TASK OBJECTIVE
The records are to be repeated exactly, and any images in them are to be dropped.

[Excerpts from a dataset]

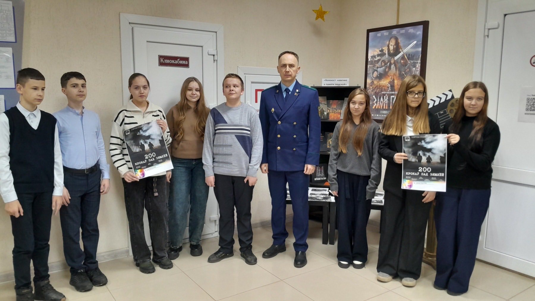 Перед началом фильма прокурор Житковичского района Игорь Артеменко рассказал ребятам о проведенной работе в рамках расследования уголовного дела о геноциде белорусского народа в годы Великой Отечественной войны и послевоенный период. Также у зрителей была возможность ознакомиться с фотоматериалами и документами о зверствах немецких оккупантов над мирным населением Житковичского района в годы войны.
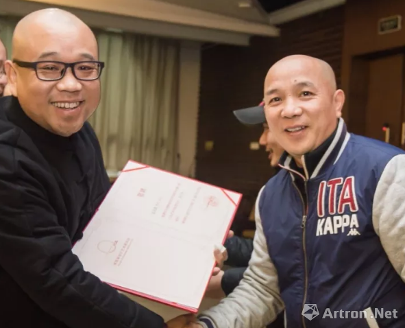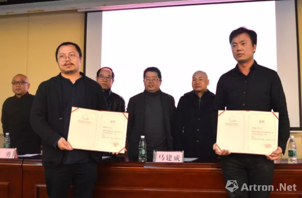 新当选主任黄兴勇、谭建明为专委会理事单位(左起):禾马(湖南文化产业发展有限公司)、湖南袁木商业运营有限公司、长沙楚拓雕塑有限公司授牌。
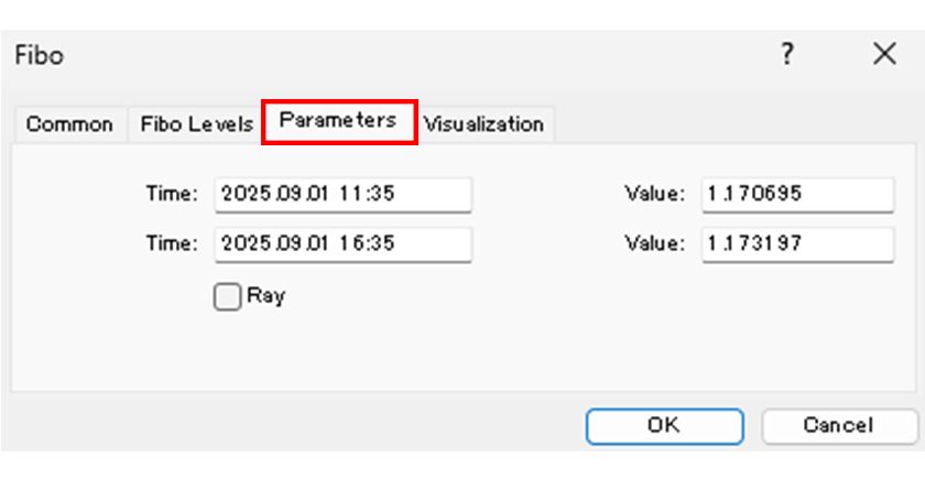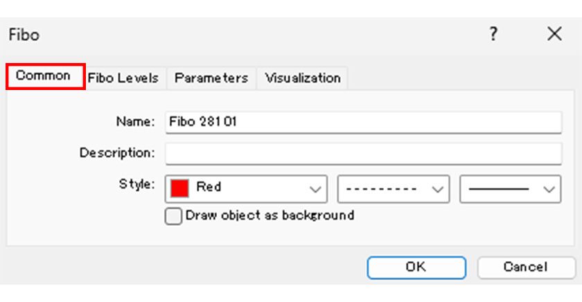 The window includes four tabs: "Common," "Fibonacci Levels," "Parameters," and "Visualization," where detailed settings can be configured.
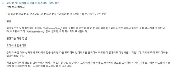 추가) 가끔 보이는 오류 코드 10에 대한 microsoft의 공식 답변입니다.
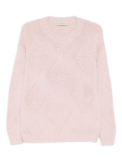 Crew Neck Openwork Pure Cashmere Sweater In Pink

EXERCISE ANSWER
 Перед началом фильма прокурор Житковичского района Игорь Артеменко рассказал ребятам о проведенной работе в рамках расследования уголовного дела о геноциде белорусского народа в годы Великой Отечественной войны и послевоенный период. Также у зрителей была возможность ознакомиться с фотоматериалами и документами о зверствах немецких оккупантов над мирным населением Житковичского района в годы войны.
 新当选主任黄兴勇、谭建明为专委会理事单位(左起):禾马(湖南文化产业发展有限公司)、湖南袁木商业运营有限公司、长沙楚拓雕塑有限公司授牌。
 The window includes four tabs: "Common," "Fibonacci Levels," "Parameters," and "Visualization," where detailed settings can be configured.
 추가) 가끔 보이는 오류 코드 10에 대한 microsoft의 공식 답변입니다.
 Crew Neck Openwork Pure Cashmere Sweater In Pink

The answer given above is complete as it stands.